Ratanlal and Dhirajlal[3] key texts states that an "affray requires two sides fighting. Passive submission by one party to a beating by the other will not do. Nor will mere howling in pain do. An answering challenge or war-cry or even an active non-violent resistance might do".

However, this aspect of the law has been arguably stretched in the High Court case of Navindran Narayanan v PP[4] where the Learned High Court judge found that the elements of affray had been set out even when the victim had not fought back and ran away to seek help. Justice Anselm Charles Fernandis argued in Navindran that

“In this case there was clear evidence that SP3 had resisted the slashing to the extent that his left hand was severed. SP3's reaction was of a "non-violent resistance" nature. He did not passively submit[5]

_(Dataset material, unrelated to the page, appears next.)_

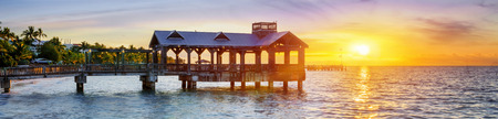 Panoramic sunrise landscape view of the small Islands Sunset Key and Wisteria Island of the Island of Key West, Florida Keys.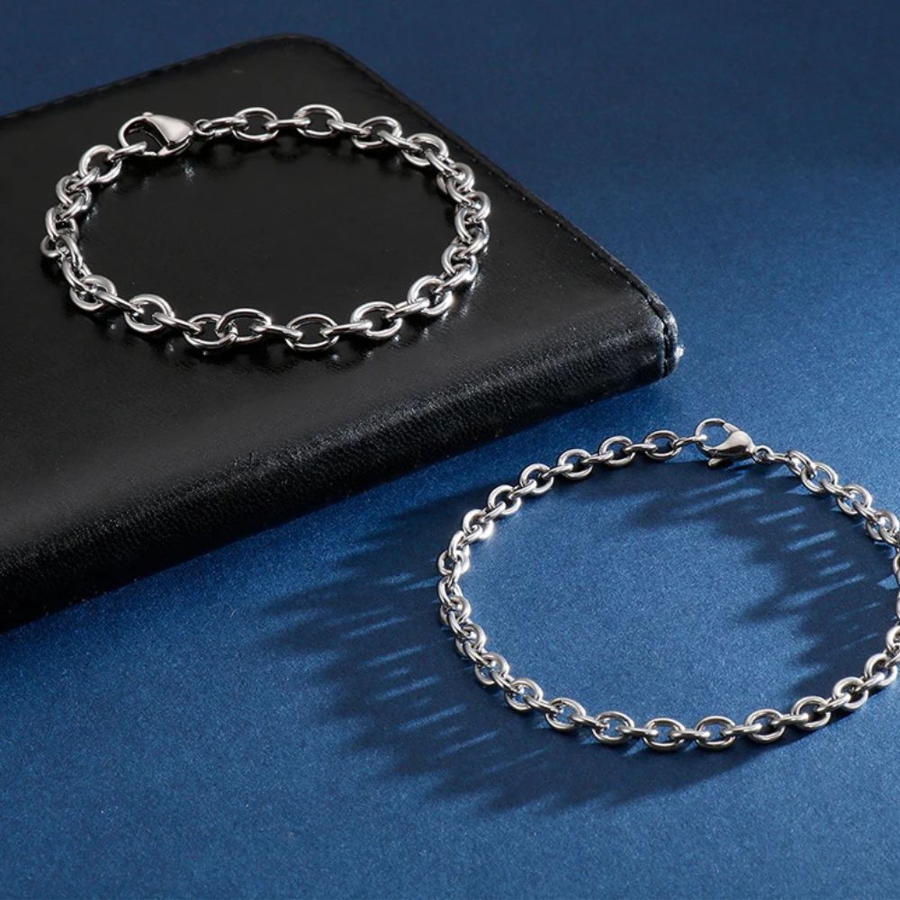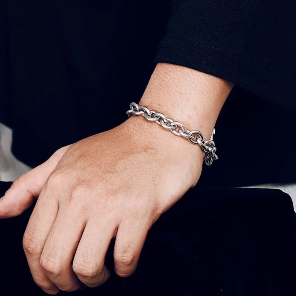 Chaque maillon, finement arrondi, crée un mouvement fluide et régulier autour du poignet. Sa finition miroir met en valeur la pureté de l’argent tout en soulignant la force tranquille de son design. Léger mais présent, il s’adapte à toutes vos tenues avec aisance.

It is interesting to note that the Learned High Court Judge held that the act of raising one’s hand to resist a slash, leading to the severing of the hand, was still deemed to be an action of non-violent resistance, which allowed for a charge of affray. It would thus mean that the Malaysian Judiciary deems the victim who merely attempted to block a blow as having been involved in a fight and therefore liable to be charged for affray.

B. It occurs in a public place

For a charge of affray, the fight ought to take place in a public place. Take the example of the lovers squabble between Chairil and Rosnita[6] wherein a couple were found fighting outside on a street. There is no doubt in that the act of fighting was done in a public place.

However, the term public place may differ from time to time. Justice Lee Hun Hoe, as he was known then stated:

A place may be a public place at one time and not at other times. Thus a railway carriage is a public place while being used for the reception and conveyance of passengers, but not while it lies empty in a siding. Laugrish v. Archer [1882], 10 QBD 44 Wellard's case appears to be authority for saying that a public place would seem to include a place to which the public are accustomed to resort without being interfered with though there is no legal right to do so. Button's case would seem to suggest that a place could be a public place if at the time a substantial part of the public had access to it[7].

**This definition of public place has become the reference point for other offences involving the term public place[8]

The case of Chen Geok Lun had discussed whether a fight which took place at a ball at a hotel, in which the ball was invitation only, would be considered to have occurred in a public place. The Court held that it would be prudent for the trial judge to hear evidence if the public had access to the ball or if it was indeed restricted in access prior to dismissing a charge of affray.

In summary, unless the fight occurs in an area in which the public cannot have access to or are not accustomed to have access, it is likely to be considered an offence of Affray.

As an example, the fight clubs in Fight Club set up were underground basements or hidden away rooms in restaurants. The public or substantial part of the public could not get access to the said places. You had to be invited and there was a selective process. Therefore, it would not be a public place.

C. It must disturb the public peace

The act of affray must disturb the public peace. It derives from the nineteenth century laws on affray of which the act of fighting would be done “to the terror of the Queen’s subjects”. As long as the fight was capable of disturbing the public notion of safety and or harmony, it could be considered an affray.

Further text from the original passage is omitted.